Dept. of Finance Market Values
We just got a notice from the Dept. of Finance stating the “market value” for our brownstone. We just bought the place in November 2009. It’s a 3-family in park slope. We paid $1.695 and DOF has valued it at $1.97. So that’s roughly $300,000 over what we paid (and we paid the asking price)….
We just got a notice from the Dept. of Finance stating the “market value” for our brownstone. We just bought the place in November 2009. It’s a 3-family in park slope. We paid $1.695 and DOF has valued it at $1.97. So that’s roughly $300,000 over what we paid (and we paid the asking price).
The DOF letter includes instructions for what to do if we’d like to dispute this valuation.
My question is: should we? The case we would make would be that it’s worth what we paid, I suppose.
Interestingly the DOF statement also notes a drop in market value from the previous year, 2007 I think, when it had been valued at $2.1 something.
I’m sort of thinking it might be best to let sleeping dogs lie… also it sounds easier.
I’m pretty sure we are paying very low property taxes in NYC in general, so this seems like it may not matter. Maybe there are even reasons having a higher value makes sense.
Advice? Thoughts?
thanks
I know I get the same feeling everytime I look at my paystb and I say too myself ” it can’t be that I have to pay all this money of my hard earned cash to a government that is giving it to homeowners that are underwater.”
To OP: (SP)
I looked up the notice of valuation for your home. You’re not going to be able to get the market value down to 536k, so no tax saving for you if you got it down to your purchase price. Scary how much a person can find out about you just by the trail you leave on a blog. Remind your kids about that when they’re on facebook.
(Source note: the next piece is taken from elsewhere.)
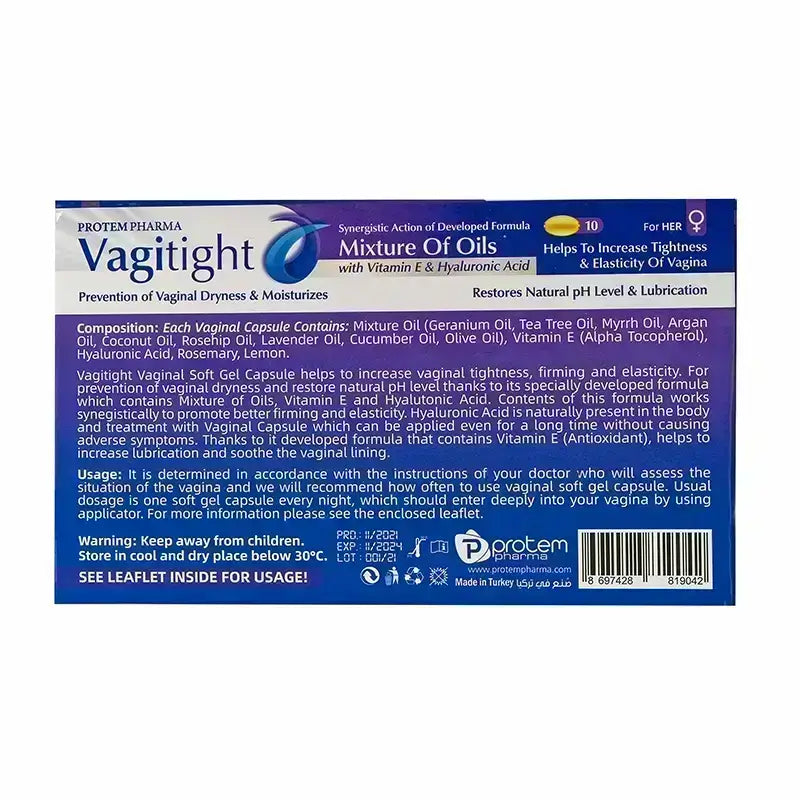• Vagitight Soft Gel Capsule lubricates and soothes the lining of the vagina.

“What To Do If You Believe Your Market Value Is Wrong”: Complete the Request for Review of Property Value form found at nyc.gov/finance. Please note that an incorrect market value might not result in a lower assessment. Your Market Value must fall below $536,000 to impact your assessed value.”
to iranyc,
It’s not a goof. I looked up the notice online, and it spells it out…
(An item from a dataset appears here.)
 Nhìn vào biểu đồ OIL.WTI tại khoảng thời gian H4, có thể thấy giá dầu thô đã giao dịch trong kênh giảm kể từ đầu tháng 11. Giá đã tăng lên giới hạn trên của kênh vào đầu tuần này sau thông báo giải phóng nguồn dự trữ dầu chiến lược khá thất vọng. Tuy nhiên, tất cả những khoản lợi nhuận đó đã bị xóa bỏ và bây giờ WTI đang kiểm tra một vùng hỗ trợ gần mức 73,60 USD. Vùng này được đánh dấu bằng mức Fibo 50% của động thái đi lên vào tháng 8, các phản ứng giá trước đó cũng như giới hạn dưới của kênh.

“Assessed Value: Finance multiplied your property’s market value by 6% for 1-3 family homes and by 45% for 4-10 unit homes to determine the assessed value. However, your assessed value may be lower than 6% or 45% of your market value because by law your assessed value cannot increase more than 6% per year and 20% over five years for 1-3 family homes. …”
Because of the cap on increases in assessed value, the Effective Market Value (assessed value/6%) is the number that your Market Value must fall below to impact your assessed value.
Likely in OP’s case, as in mine & others, the Effective value is still low enough that requesting a Review of Property Value won’t end up lowering your taxes.
I got my notice of valuation from the DOF, and it had a helpful item that I don’t think was there in past years. It said something like “…your taxes would be reduced only if the market value was less than $xxx,xxx”
For me the market value was about 100k more than a recent appraisal, but that’s still 400k more than the value at which I’d save any taxes, so not worth contesting the valuation.
i’m looking at my first notice of property value and it shows a small decrease in the market value BUT a rise in the assessed value and taxable value. Only part of the rise is attributable to a reduction in exemptions. How can that be? The gobbledygook explanation sets the assessed value equal to 6% of the effective market value and the effective market value equal to the assessed value divided by 6% (well, duh!), but connects neither of those numbers to the market value, which is “estimated…based on recent comparable sales.” Any likely explanation of this apparent goof?
Can’t find ’em, BH. That’s why comps will fall in half from the peak. That’s the point.
And why do they use that number, newsouthsloper? It doesn’t have anything to do with the historical norm, does it?
***Bid half off peak comps***
“Why are you using a 9.5 rent roll multiplier? That’s awfully close to my 10x. You must be delusional”
Because that is what the department of finance uses to asses taxes. Check their website.
BHO,
Please show me brownstone properties trading at close to 10x rents. I’ll be happy to pay a finders fee.
newsouthsloper @ 2:55,
Why are you using a 9.5 rent roll multiplier? That’s awfully close to my 10x. You must be delusional.